# ADF test for stationary

In [None]:
import yfinance as yf
import numpy as np
import pandas as pd
from statsmodels.tsa.stattools import adfuller
import matplotlib.pyplot as plt
from statsmodels.tsa.arima.model import ARIMA
from statsmodels.stats.diagnostic import acorr_ljungbox, het_arch
from statsmodels.graphics.tsaplots import plot_acf, plot_pacf
from arch import arch_model

# Download S&P 500 historical data (ticker: ^GSPC)
data = yf.download('^GSPC', start='2000-01-01', end='2020-12-31')

# Drop rows with missing values
data = data.dropna()

# Calculate log returns from 'Adj Close' prices
data['LogReturn'] = np.log(data['Close'] / data['Close'].shift(1))

# Drop NaNs resulting from the shift
log_returns = data['LogReturn'].dropna()

import matplotlib.pyplot as plt

plt.plot(log_returns)
plt.title('Log Returns of S&P 500 (2000-2020)')  # Add title
plt.xlabel('Date')  # Add x-axis label
plt.ylabel('Log Return')  # Add y-axis label
plt.savefig('log_returns_plot.png')

adf_result = adfuller(log_returns)

print('ADF Statistic: %f' % adf_result[0])
print('p-value: %f' % adf_result[1])
print('Critical Values:')
for key, value in adf_result[4].items():
    print('\t%s: %.3f' % (key, value))

if adf_result[1] <= 0.05:
    print("Reject the null hypothesis: Time series is stationary")
else:
    print("Fail to reject the null hypothesis: Time series is non-stationary")

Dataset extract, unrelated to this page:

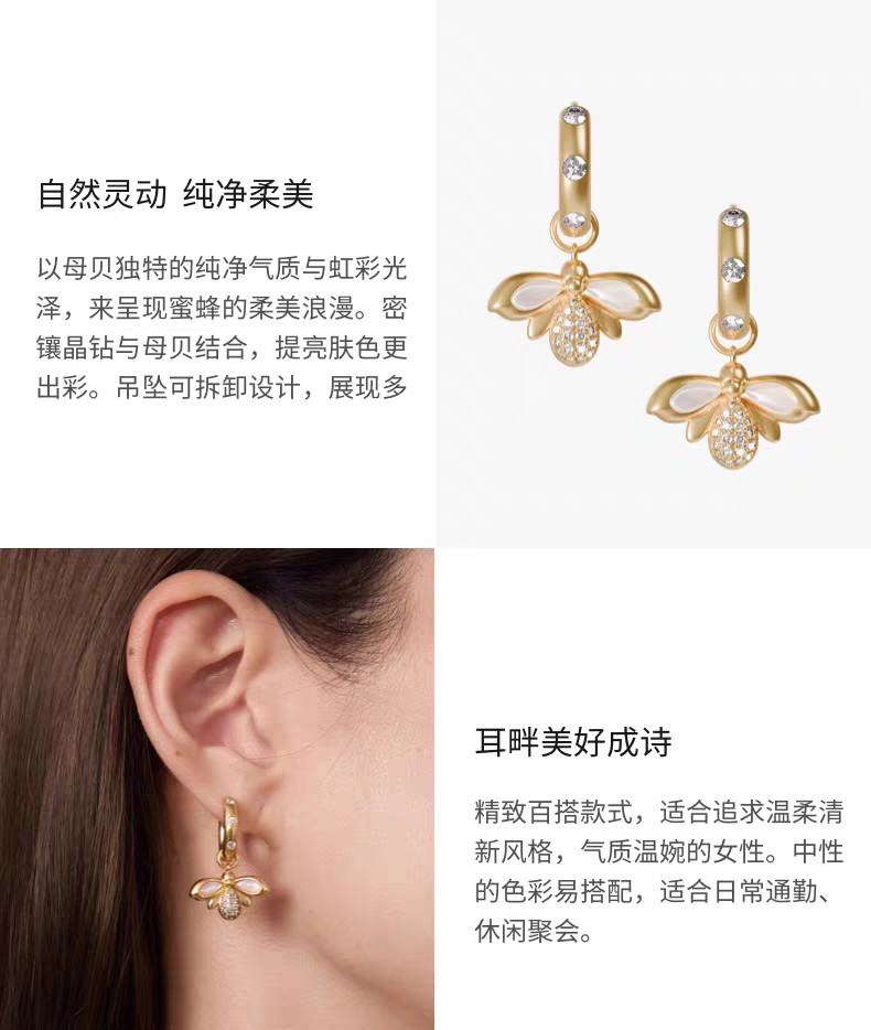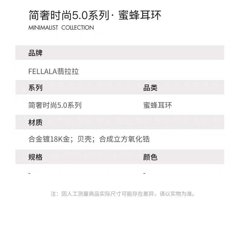 2楼Fellala/翡拉拉「简奢时尚5.0」系列小蜜蜂耳环货号925431105吊牌价799现价719

# Existence of Volatility Clustering

In [None]:
# --- 1. ARMA Model Fitting ---
# Choose ARMA(1,0,1) as example; adjust (p,d,q) as needed
arma_order = (1, 0, 1)
arma_model = ARIMA(log_returns, order=arma_order).fit()
print("\nARMA Model Summary:")
print(arma_model.summary())

# Extract ARMA parameters for table
arma_params = arma_model.params
arma_bse = arma_model.bse
arma_tvalues = arma_model.tvalues
arma_pvalues = arma_model.pvalues

arma_table = pd.DataFrame({
    "Parameter": arma_params.index,
    "Estimate": arma_params.values,
    "Std. Error": arma_bse.values,
    "t-value": arma_tvalues.values,
    "p-value": arma_pvalues.values
})

# --- 2. Residual Diagnostics ---
# Ljung-Box test for residual autocorrelation
ljung_box = acorr_ljungbox(arma_model.resid, lags=[10], return_df=True)
print("\nLjung-Box test for residual autocorrelation:")
print(ljung_box)

# ARCH-LM test for ARCH effects
arch_test_stat, arch_test_pvalue, _, _ = het_arch(arma_model.resid)
print(f"\nARCH-LM Test Statistic: {arch_test_stat:.4f}, p-value: {arch_test_pvalue:.4f}")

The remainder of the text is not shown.